*Task brief*
Every line of the material needs an exact copy, apart from the images.

*Records to use*

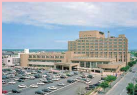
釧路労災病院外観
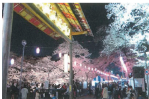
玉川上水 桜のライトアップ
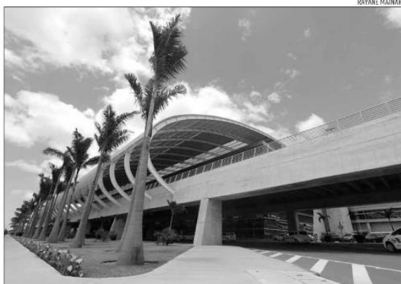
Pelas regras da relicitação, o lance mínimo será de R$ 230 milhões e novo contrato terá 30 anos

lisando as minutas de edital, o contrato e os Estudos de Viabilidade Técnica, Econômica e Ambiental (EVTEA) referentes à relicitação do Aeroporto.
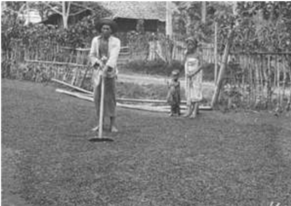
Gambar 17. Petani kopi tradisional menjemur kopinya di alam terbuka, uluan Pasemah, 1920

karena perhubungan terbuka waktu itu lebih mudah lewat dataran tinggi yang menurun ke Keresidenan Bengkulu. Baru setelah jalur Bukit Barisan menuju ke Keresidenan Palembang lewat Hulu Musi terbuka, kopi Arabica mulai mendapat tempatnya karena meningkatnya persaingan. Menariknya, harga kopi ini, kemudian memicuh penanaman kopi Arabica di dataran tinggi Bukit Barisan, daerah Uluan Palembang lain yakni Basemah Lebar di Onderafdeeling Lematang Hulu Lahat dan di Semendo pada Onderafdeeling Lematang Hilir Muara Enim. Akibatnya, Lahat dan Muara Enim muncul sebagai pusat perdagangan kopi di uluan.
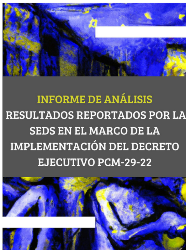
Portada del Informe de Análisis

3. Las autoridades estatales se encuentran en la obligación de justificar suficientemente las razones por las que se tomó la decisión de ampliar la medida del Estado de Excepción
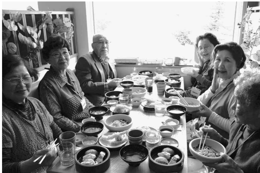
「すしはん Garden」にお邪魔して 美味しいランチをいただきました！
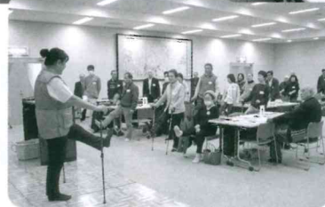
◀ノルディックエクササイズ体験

*Solution to this exercise*
釧路労災病院外観
玉川上水 桜のライトアップ
Pelas regras da relicitação, o lance mínimo será de R$ 230 milhões e novo contrato terá 30 anos

lisando as minutas de edital, o contrato e os Estudos de Viabilidade Técnica, Econômica e Ambiental (EVTEA) referentes à relicitação do Aeroporto.
Gambar 17. Petani kopi tradisional menjemur kopinya di alam terbuka, uluan Pasemah, 1920

karena perhubungan terbuka waktu itu lebih mudah lewat dataran tinggi yang menurun ke Keresidenan Bengkulu. Baru setelah jalur Bukit Barisan menuju ke Keresidenan Palembang lewat Hulu Musi terbuka, kopi Arabica mulai mendapat tempatnya karena meningkatnya persaingan. Menariknya, harga kopi ini, kemudian memicuh penanaman kopi Arabica di dataran tinggi Bukit Barisan, daerah Uluan Palembang lain yakni Basemah Lebar di Onderafdeeling Lematang Hulu Lahat dan di Semendo pada Onderafdeeling Lematang Hilir Muara Enim. Akibatnya, Lahat dan Muara Enim muncul sebagai pusat perdagangan kopi di uluan.
Portada del Informe de Análisis

3. Las autoridades estatales se encuentran en la obligación de justificar suficientemente las razones por las que se tomó la decisión de ampliar la medida del Estado de Excepción
「すしはん Garden」にお邪魔して 美味しいランチをいただきました！
◀ノルディックエクササイズ体験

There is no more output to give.